The automotive industry wanted a more flexible calculation. That's why Mexico and Canada went to bat for them — they believed it was in their national interests to enable carmakers to use at least some offshore suppliers in order to remain cost-competitive.
"I think it's actually quite important that the Americans tread carefully," Lilly said. "Given that the ruling is clear, I think they should just accept this and move on."
Flavio Volpe, the head of Canada's Automotive Parts Manufacturers Association, told CBC News he's confident the U.S. will comply.
"They have a series of other disputes that they are raising and want to raise with Canada and Mexico," he said. "If they were to fight this one, or ignore it, then the other ones which are big priorities for them and other industries would be on softer footing."
Many of the sources of international trade friction under NAFTA aren't about tariffs. Recent fights between the U.S. and Mexico are about American efforts to equalize labour standards — a huge political priority for both Democrats and Republicans in Washington.
Migratory trade instincts
Trump also seemed like a trade sceptic at first, said Elizabeth Trujillo, a professor at the University of Houston's law centre who specializes in global law and Americas policy. And yet, the revised North American deal he insisted on wasn't just about inward-looking protectionism — it also gave the U.S. dispute resolution tools that now help to influence and direct the evolution of trade with its regional partners.
Leaders like Trump and López Obrador can be "contradictory," Trujillo said.
"On the surface, it seems that [López Obrador] is not the most open to free trade and is much more protectionist than other Mexican presidents ... and he's done policies that have proven that," she said, citing restrictions on foreign investments in renewable energy as an example.
"On the other hand, I think that [he] is very much aware of the need for Mexico to be part of a North American economic powerhouse. You have supply chains that are very much integrated in the region. You can't just undo those," she added, citing Mexico's potential role in manufacturing more semi-conductors on this side of the Pacific.
"The mere fact that he hosted this summit shows an openness to having these conversations," Trujillo said, calling this trilateral summit "refreshing" after a period when bilateral U.S.–Mexico issues seemed to dominate.
The pandemic already has shifted the focus away from multilateralism, she said. "These things are like pendulums — we've moved away from globalization and we went to nationalism, and now we're inching back toward regionalism. And some of these issues around environment and energy are better dealt with regionally, at least initially."
Canadian Liberals have shown ideological flexibility in trade policy as well — Trudeau included.
When European social democrats threatened not to ratify the Comprehensive Economic and Trade Agreement (CETA), Liberals emphasized Canada's progressive values to win them over.
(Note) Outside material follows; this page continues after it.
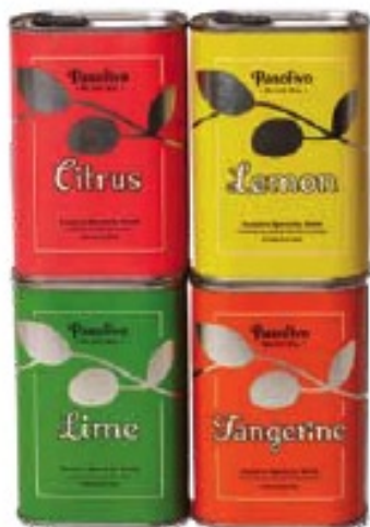
Pasaivo assorted olive oils ($25 each); We Olive, Ventura, weolive.com ; C'est Cheese, Santa Barbara, cestcheese.com ; or pasaivo.com .

Ottawa kept emphasizing "progressive" trade policy with Pacific Rim partners — and even insisted on that word being inserted into the name of the Trans-Pacific Partnership after the U.S. pulled out in 2017.
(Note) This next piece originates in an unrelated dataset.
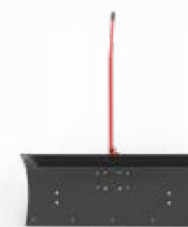
48 IN. BLADE Model # 885910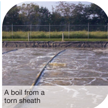
A boil from a torn sheath

Faced with the populism of first Trump and now López Obrador, Canada has rallied advocates in the business community to articulate the stakes in billion-dollar terms and point out how trade agreements can help middle-class workers and protect jobs in the face of other global competitors.
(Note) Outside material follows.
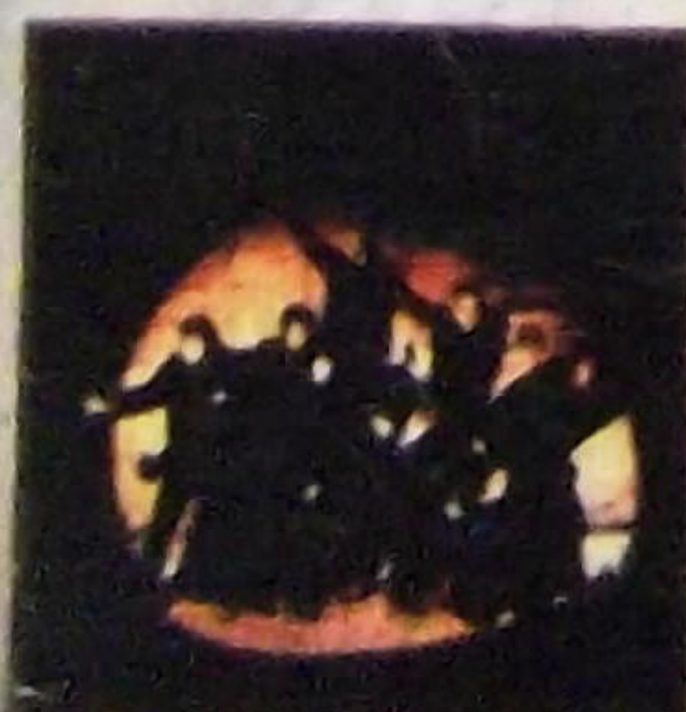
BAND ON THE RUN 1973 ©

"Trade, by being mutually beneficial, gives each party a stake in the well-being of the other," Trudeau told his university audience Wednesday, quoting former Mexican president Ernesto Zedillo — a leader with a more right-wing, globalist bent than the current office holder.
Mexican presidents only serve one six-year term. The future of the White House after 2024 is equally uncertain.
Canada can't control who moves into its neighbourhood next, but this summit delivered the common ground Trudeau needs.